_Problem statement_: Records follow. Print exactly the lines from the one that has "2- Fes boles" through the one that has "One more option", inclusive, and omit the pictures.

_Supplied material_:
§ §
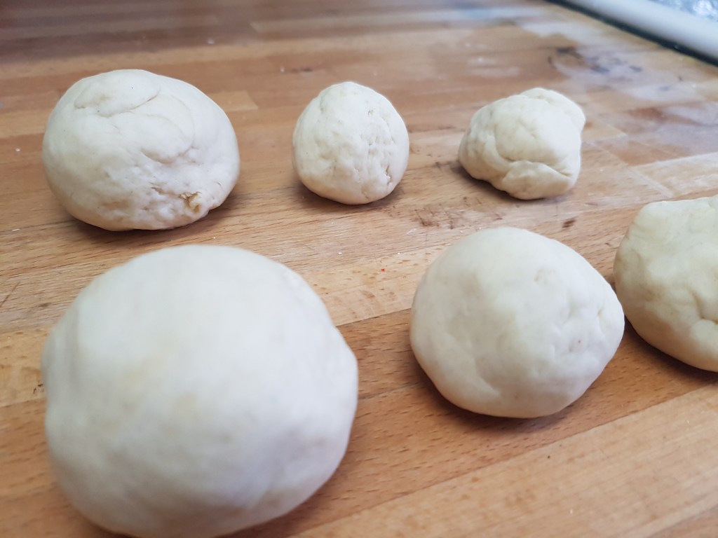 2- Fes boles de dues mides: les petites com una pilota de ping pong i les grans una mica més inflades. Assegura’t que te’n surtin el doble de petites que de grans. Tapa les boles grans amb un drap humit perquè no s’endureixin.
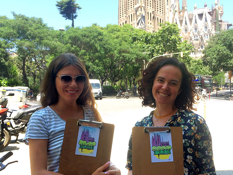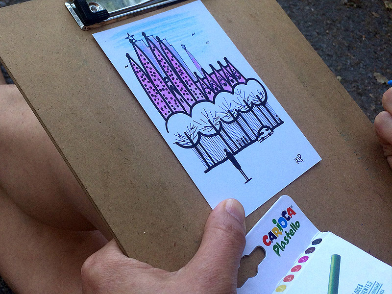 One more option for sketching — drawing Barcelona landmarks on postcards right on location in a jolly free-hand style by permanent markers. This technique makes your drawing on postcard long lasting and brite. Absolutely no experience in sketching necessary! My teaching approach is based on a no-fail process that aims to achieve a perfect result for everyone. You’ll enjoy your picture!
§ §
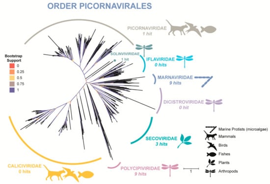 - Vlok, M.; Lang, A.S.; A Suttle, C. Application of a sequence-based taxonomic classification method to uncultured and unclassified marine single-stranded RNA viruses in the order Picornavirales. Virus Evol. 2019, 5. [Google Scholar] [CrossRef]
§ §
_Answer to this exercise_:
 2- Fes boles de dues mides: les petites com una pilota de ping pong i les grans una mica més inflades. Assegura’t que te’n surtin el doble de petites que de grans. Tapa les boles grans amb un drap humit perquè no s’endureixin.
 One more option for sketching — drawing Barcelona landmarks on postcards right on location in a jolly free-hand style by permanent markers. This technique makes your drawing on postcard long lasting and brite. Absolutely no experience in sketching necessary! My teaching approach is based on a no-fail process that aims to achieve a perfect result for everyone. You’ll enjoy your picture!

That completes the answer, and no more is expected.